### Problem
Return exactly the span of lines in the following data that opens with the line containing "1, ワードプレスの管理画面" and closes with the line containing "Aussi bien que". Include nothing else.

*** Provided data ***

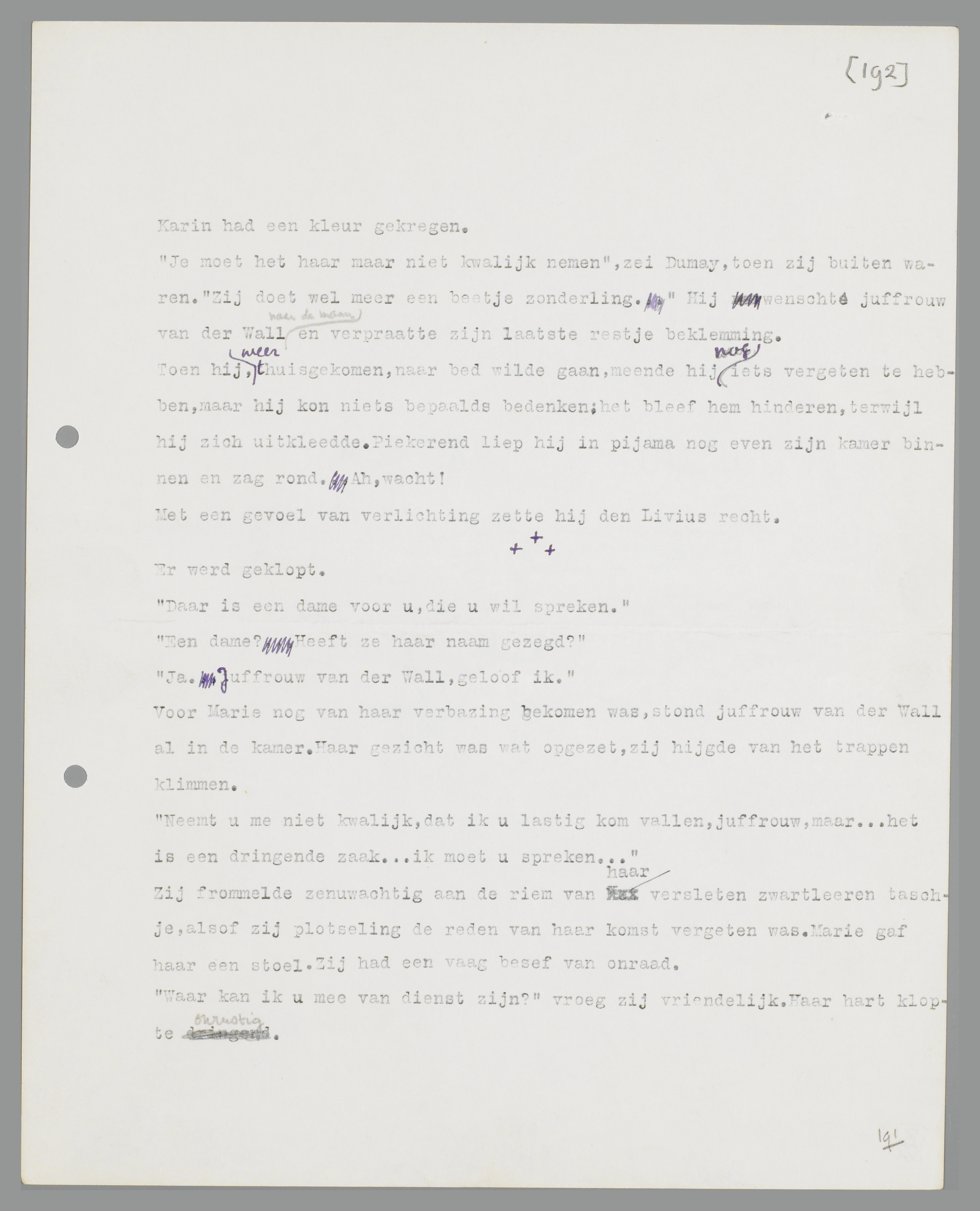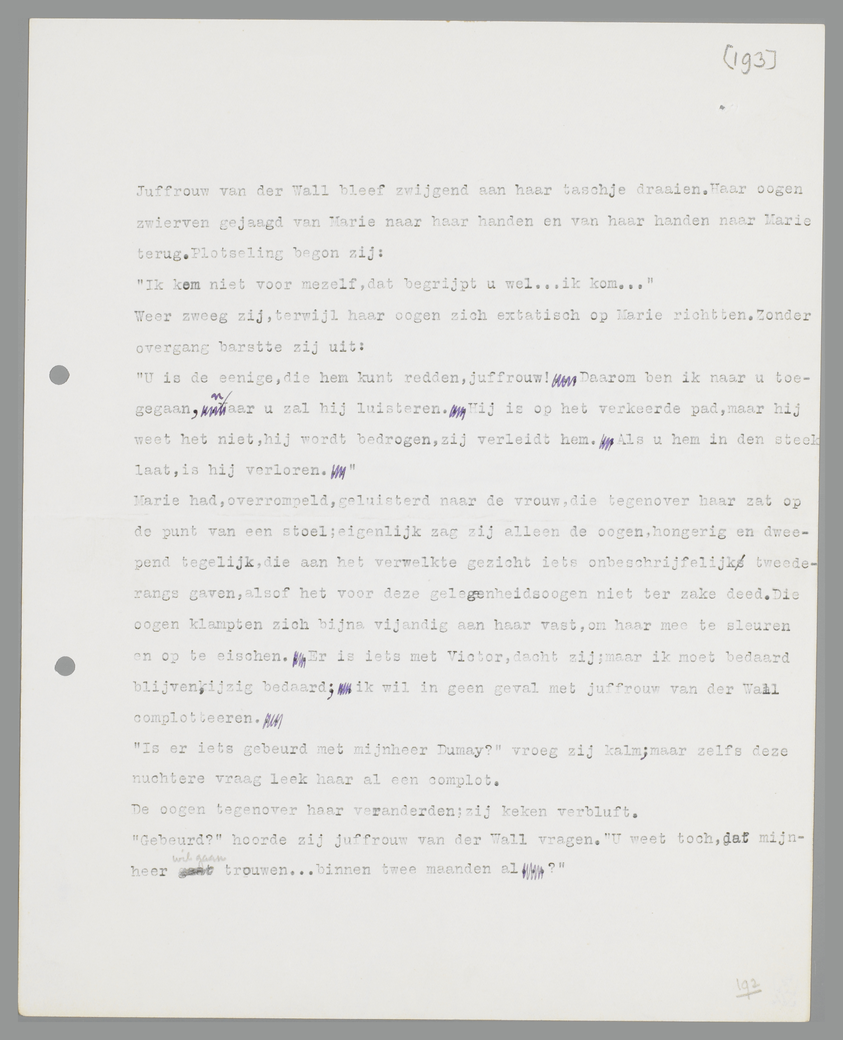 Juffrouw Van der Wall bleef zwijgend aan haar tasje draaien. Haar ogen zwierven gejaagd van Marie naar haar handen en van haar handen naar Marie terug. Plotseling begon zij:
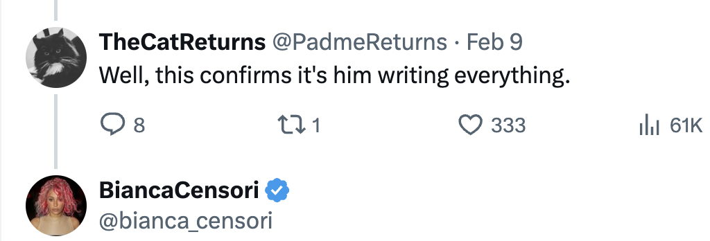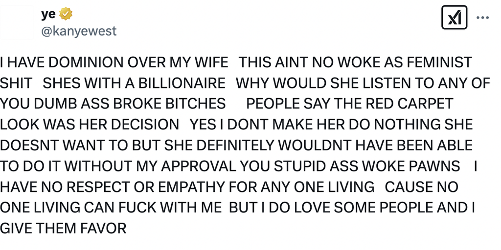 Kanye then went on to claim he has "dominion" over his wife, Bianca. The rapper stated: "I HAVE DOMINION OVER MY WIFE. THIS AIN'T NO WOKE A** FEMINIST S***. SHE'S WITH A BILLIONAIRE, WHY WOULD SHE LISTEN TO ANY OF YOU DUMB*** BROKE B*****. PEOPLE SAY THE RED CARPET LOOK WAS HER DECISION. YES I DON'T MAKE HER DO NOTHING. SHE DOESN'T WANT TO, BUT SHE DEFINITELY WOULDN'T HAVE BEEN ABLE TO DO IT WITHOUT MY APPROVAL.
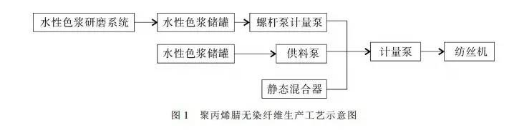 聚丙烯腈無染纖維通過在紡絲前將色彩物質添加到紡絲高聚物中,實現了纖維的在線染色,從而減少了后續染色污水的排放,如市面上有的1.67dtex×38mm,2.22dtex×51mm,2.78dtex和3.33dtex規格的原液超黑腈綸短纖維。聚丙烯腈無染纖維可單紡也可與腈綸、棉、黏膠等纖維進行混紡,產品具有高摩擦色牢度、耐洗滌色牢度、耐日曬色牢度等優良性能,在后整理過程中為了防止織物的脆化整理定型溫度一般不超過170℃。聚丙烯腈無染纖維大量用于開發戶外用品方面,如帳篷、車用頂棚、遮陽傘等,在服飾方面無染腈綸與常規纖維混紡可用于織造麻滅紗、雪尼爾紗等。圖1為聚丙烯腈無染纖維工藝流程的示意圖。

*** End of Provided data ***
*** Provided data ***

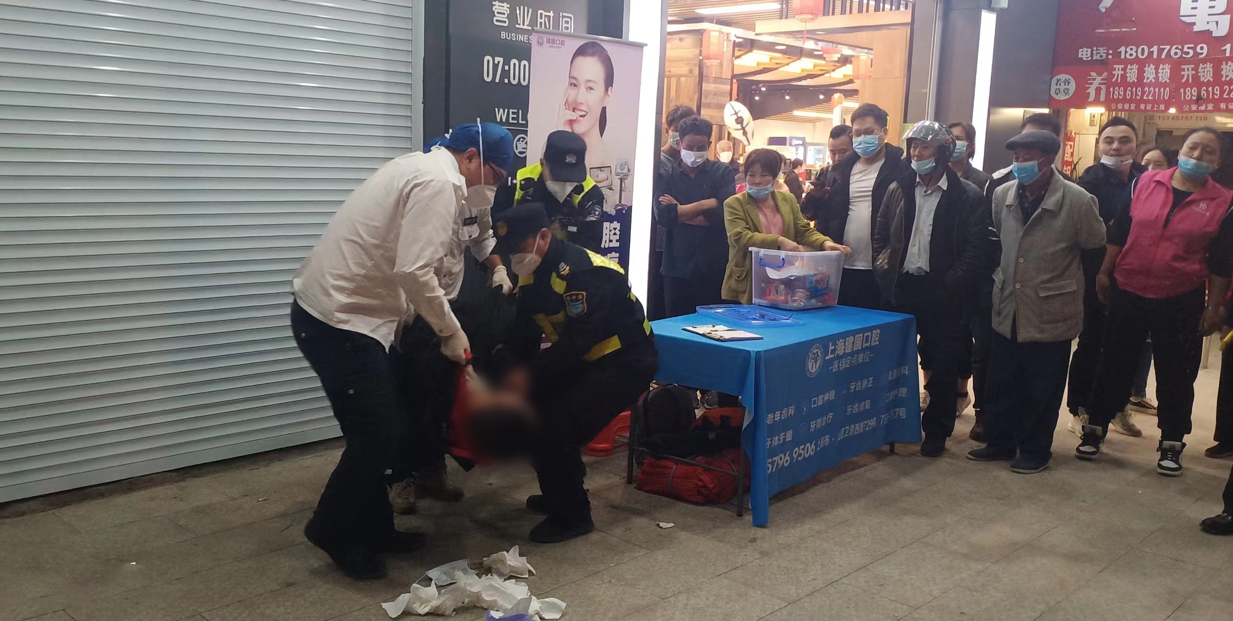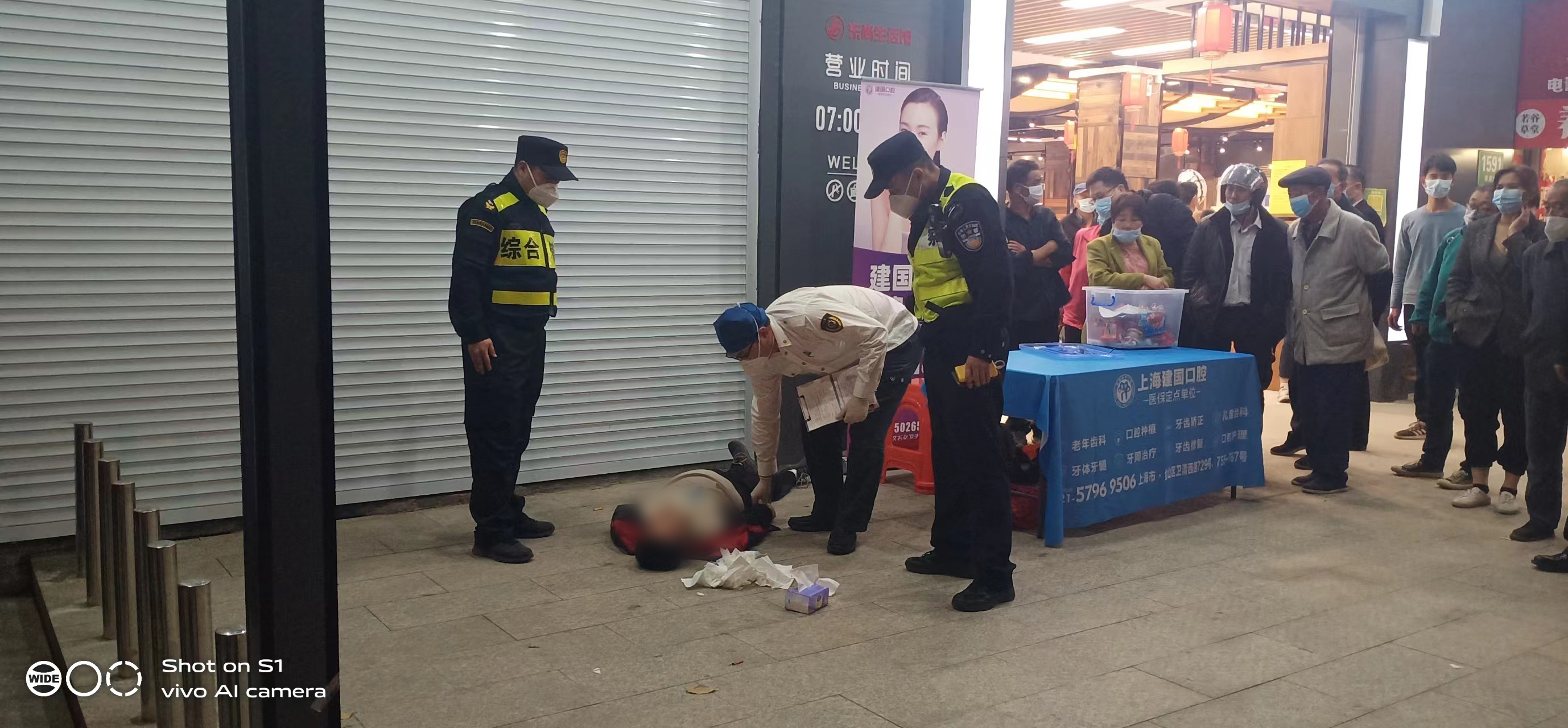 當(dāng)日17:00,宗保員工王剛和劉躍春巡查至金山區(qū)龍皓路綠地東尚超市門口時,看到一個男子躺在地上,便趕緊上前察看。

*** End of Provided data ***
*** Provided data ***

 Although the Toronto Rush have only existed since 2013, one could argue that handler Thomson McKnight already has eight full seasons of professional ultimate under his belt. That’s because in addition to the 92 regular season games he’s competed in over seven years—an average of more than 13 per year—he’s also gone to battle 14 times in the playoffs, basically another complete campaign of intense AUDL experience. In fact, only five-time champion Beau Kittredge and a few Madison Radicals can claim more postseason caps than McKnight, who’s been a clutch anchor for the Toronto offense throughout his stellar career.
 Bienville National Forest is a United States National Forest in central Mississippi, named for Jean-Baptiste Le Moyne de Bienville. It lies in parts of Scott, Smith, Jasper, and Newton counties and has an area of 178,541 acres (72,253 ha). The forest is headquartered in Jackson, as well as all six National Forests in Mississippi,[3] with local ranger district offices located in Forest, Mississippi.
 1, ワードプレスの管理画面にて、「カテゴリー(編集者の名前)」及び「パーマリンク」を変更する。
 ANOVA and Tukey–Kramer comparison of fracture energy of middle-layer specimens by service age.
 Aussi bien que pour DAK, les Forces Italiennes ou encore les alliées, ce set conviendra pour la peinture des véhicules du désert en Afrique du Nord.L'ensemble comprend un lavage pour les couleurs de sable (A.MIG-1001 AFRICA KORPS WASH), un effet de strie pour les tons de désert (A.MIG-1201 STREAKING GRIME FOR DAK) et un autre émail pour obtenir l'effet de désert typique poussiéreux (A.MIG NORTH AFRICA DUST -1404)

*** End of Provided data ***

### Exercise solution
 1, ワードプレスの管理画面にて、「カテゴリー(編集者の名前)」及び「パーマリンク」を変更する。
 ANOVA and Tukey–Kramer comparison of fracture energy of middle-layer specimens by service age.
 Aussi bien que pour DAK, les Forces Italiennes ou encore les alliées, ce set conviendra pour la peinture des véhicules du désert en Afrique du Nord.L'ensemble comprend un lavage pour les couleurs de sable (A.MIG-1001 AFRICA KORPS WASH), un effet de strie pour les tons de désert (A.MIG-1201 STREAKING GRIME FOR DAK) et un autre émail pour obtenir l'effet de désert typique poussiéreux (A.MIG NORTH AFRICA DUST -1404)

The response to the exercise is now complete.